The Idioms of Jewish Dress: Buttons, Wigs & Gartels

In the 17th century, European authorities initiated the slow repeal of mandatory Jewish dress codes. Vienna annulled its regulations in 1624, followed by Mannheim (1691), Austria (1781), Rome (1798), Prussia (1812), and elsewhere. For the first time in five centuries, Jews could legally dress like everybody else. Especially after the French Revolution, ideals such as equality and self-determination made it increasingly difficult to marginalize Jews simply on the basis of their Jewishness.

Historically, French law assigned old-fashioned yellow hats to Jews; everybody else wore black caps. But during an April 1790 festival, the Jews of Avignon, flush with the revolutionary promise of Liberté, Egalité, Fraternité, donned black hats to dance with their Gentile compatriots — themselves clad in yellow caps. Shortly thereafter, local Jews demanded permission to unlock the ghetto gates at night and to permanently doff the yellow chapeaux they had endured for centuries. One year later, the Jews of Avignon finally received their just prize: citizenship. They could now enjoy the black hat so symbolic of French fashion and equality.

The situation proved rather more ironic, though, at the nearby enclave of Comtat Venaissin. When the regional assembly in October 1790 untied Jews from yellow hats, the local populace rioted. Some Jews, fearful for the lives, requested the revival of the old dress code. In the city of Carpentras, Jews refused to swap their yellow hats lest they contravene biblical and rabbinic law by emulating Gentiles. The cap that for so long derided Jews now served, by their own choosing, to define them.

 

By the end of the 19th century, imperial Russian decrees targeted all manner of stereotypical Jewish dress, including silk hoods, fur hats, short trousers, and sashes. Jewish women, declared one edict, “should wear simple garments, similar to what Russian women wear. Without question, they are forbidden to wear wigs of any sort that match their hair color.” Only the elderly received exemptions.

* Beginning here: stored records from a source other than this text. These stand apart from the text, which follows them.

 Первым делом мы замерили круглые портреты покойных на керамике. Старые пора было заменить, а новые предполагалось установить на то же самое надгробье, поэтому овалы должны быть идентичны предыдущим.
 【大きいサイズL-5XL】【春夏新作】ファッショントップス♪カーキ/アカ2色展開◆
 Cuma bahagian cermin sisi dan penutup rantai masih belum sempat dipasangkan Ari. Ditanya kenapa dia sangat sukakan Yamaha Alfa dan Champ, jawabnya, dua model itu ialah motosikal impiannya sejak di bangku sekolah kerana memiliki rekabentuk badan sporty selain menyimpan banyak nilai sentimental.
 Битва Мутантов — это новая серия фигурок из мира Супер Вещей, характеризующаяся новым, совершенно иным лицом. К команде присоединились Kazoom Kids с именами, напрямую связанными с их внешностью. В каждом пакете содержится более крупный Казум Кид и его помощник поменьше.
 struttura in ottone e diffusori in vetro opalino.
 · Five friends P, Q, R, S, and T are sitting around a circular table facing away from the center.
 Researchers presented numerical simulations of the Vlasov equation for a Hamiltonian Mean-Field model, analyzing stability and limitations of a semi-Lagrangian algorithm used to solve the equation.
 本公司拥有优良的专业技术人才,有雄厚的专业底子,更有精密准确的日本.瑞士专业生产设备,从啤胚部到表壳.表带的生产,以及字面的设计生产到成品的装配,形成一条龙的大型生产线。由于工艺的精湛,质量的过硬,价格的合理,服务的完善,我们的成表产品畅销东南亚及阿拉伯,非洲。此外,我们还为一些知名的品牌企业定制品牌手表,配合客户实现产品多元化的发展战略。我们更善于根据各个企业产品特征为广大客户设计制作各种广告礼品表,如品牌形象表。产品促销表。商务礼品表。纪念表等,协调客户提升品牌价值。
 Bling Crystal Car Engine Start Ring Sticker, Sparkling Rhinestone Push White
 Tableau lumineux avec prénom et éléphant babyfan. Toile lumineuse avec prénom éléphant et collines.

Many Jews did change “their national costume,” as one Russian official reported in 1845, but other Jews saw the new restrictions as an outright assault on Judaism. “Our traditional costume,” reports one memoir (Pauline Wengeroff’s Rememberings: The World of a Russian-Jewish Woman in the 19th Century), “was mourned like a beloved departed person.” Some Jews refused to leave their homes. They wept, prayed, and fasted.

Similar events unfolded in the Polish territories, partly to foster Jewish assimilation, partly to revive the national textile industry. Edicts prohibited Jewish men from appearing in long beards, ear-locks, silk and woolen cloaks, broad gartel belts (“meant to protect the purity of the mind from lower body carnality and pollution”), fur hats, short trousers with stockings, and old-fashioned caps lacking a modern peak.

Jewish women were similarly told to dispense with their turbans, “Jewish cut” dresses, colored shoes, and characteristic ornaments. With the exception of the home and synagogue, Jews would henceforth appear like other citizens. 

A modern dress code for Jews, proclaimed the Duchy of Warsaw, would assist “the progress of civilization of that people.” As incentive, the territory granted properly attired Jews special residential and occupational privileges. But most Jews could afford to pay for neither a new outfit nor an exemption tariff, and so they were beaten, forcefully shorn, and sometimes imprisoned.

 

Ironically, edicts demanding assimilation actually fostered a self-conscious sense of Jewishness, especially among educated and urban Jews who otherwise tethered their identity to modernist aspirations. Many Jews, too, responded to these revised dress codes by investing their garments with deep emotional and religious significance.

Clothing merely worn by Jews now became seen as traditional Jewish clothing, symbolizing traditional Jewish values. For example, the norm in modern male fashion is to button coats and shirts left over right. But Hasidic men, like modern women, button right over left. These conventions undoubtedly arose through happenstance. Nonetheless, Hasidic men came to see their buttons as symbolizing the triumph of divine mercy and goodness, which the medieval mystics associated with the right side of the body, over the harsh judgment and demonic powers of the left side. Jews who button in a modern fashion, declared Rabbi Menachem Mendel from Rimanov, walk in the ways of idolaters.

State-sponsored efforts to assimilate Jews transformed certain garments from mere custom into a religious obligation. Modernity tailored tradition. 

Adapted from A Cultural History of Jewish Dress (Bloomsbury Academic, 2013).